Monday, March 22, 2010

Gentle reminders

This afternoon we were invited to share the story of our journey with Nora in a Trauma Healing class at the Center for Justice and Peacebuilding, the graduate program of which is Janelle's place of employment. The professor and students were especially interested in how the process of writing and sharing our writing with others (which we did along the way and have done since) affected our experiences of grief, situational stress, etc. One of the exercises for the class was to create "100-word Haiku" written expressions surrounding some experience of personal trauma. The poems are intended to succinctly convey the impact of a given experience, as well as communicating some element of release or healing. Having been made aware of this exercise as we prepared to join them for this class time, we each took our own crack at it, coming up with the two poems found below. I will provide a one-sentence introduction for each.

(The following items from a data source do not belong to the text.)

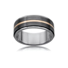 Tantalum is highly ductile and known for its resistance to wear and scratches, while Zirconium is strong and lightweight. Both metals are hypoallergenic and resistant to heat, making them perfect for creating long-lasting, stylish rings suitable for everyday wear. Explore our custom range of Australian Made Tantalum and Zirconium designs, crafted for both style and comfort. Image shown in ring size U with width 8mm, thickness 1.9mm, in 9ct Pink Gold, Zirconium and Tantalum. All rings in our men's wedding band collection are made to order, with a 4-6 week turn around. Book an instore no-obligation appointment, or make a product enquiry online today.
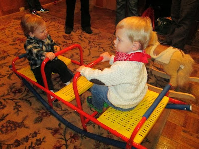 John and Grady enjoyed the seesaw, too. Grady's a good bit older than John, but John has a weight advantage, as can be clearly seen here.
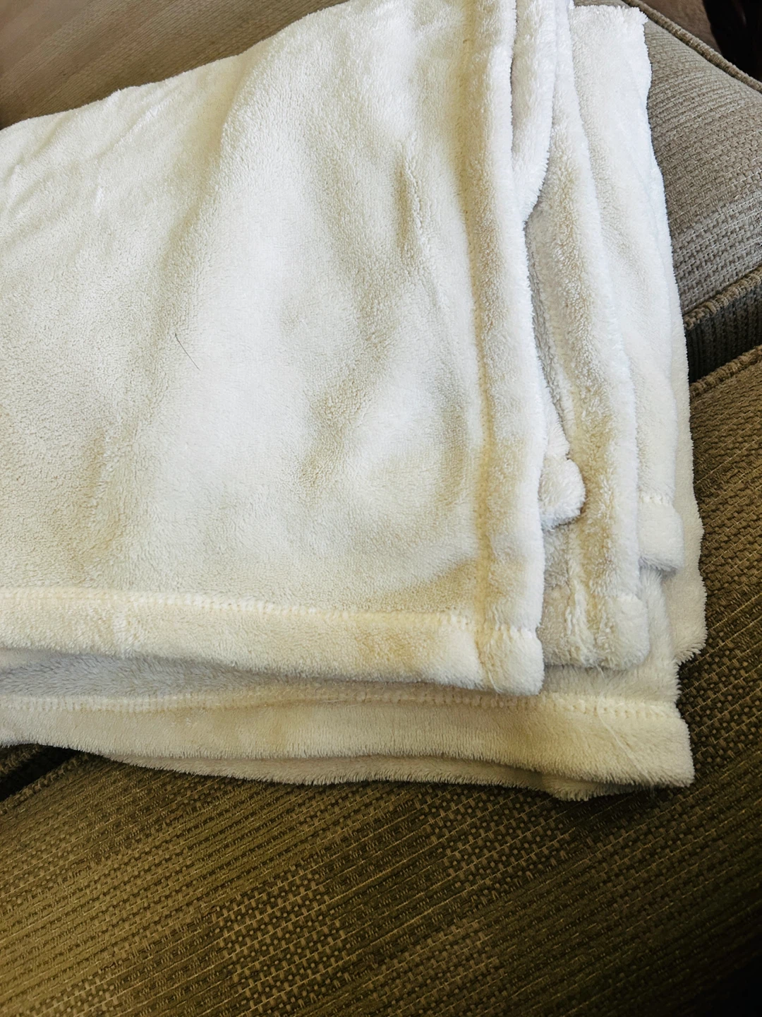 Soft and cozy cream-coloured throw blanket. It's made from a plush material. Perfect for adding warmth on a chilly evening!

My attempt was in reference to the period of time during which Nora's growth began to falter in earnest; about this time of year, two years ago.

Stalactites from the Sky

She seems to need a savior.
Her suffering grows: stalactites from the sky,
filling my world. Why does she not
make bone and skin and muscle—tender—from
her mother’s milk? I hold a plastic bottle,
bent and trembling, distorted
by my feverish grip—inside there is
an ounce or two of milk, grown cold.

Extra heat could never speed
the hatch, it is the chick that does
the growing, not the hen. Likewise a baby,
and the space and time, food and shelter, love
were there. She could never grow, though
what we offered was enough.

Jason Myers-Benner
March 2010

Janelle's expression refers to both the afternoon when Nora was airlifted to UVA, where she spent the final days of her life, and the moments of her death.

Flying

Oxygen needs increasing, labored breathing, on our way to the ER.
"I won't hold a gun to your head,
but I think you need to let her go."

Her doctor's words stung.
The nurse accepted my meager offerings of milk.
Nora's body tucked away out of reach,
the sound of propellers.

She was out of reach, I was out of control.

Had I abandoned her?
Did she know that this was not what I wanted?
That I loved her?

A week later, she left me.
She was in control and in my arms.
She showed me how to fly free.

Janelle Myers-Benner
March 2010

We continue to seek connections with that part of our history, and to thereby continue cultivating a sense of closeness to Nora's memory and her self. Willing participation in events such as this afternoon's class have that effect, for which we are grateful.

Another of those opportunities is our bimonthly blood donation. We went straight to the hospital from the class, and though my lingering minor lung tickle from a recent cold kept me from giving my blood today, Janelle was able to do so; we benefit from that ritual.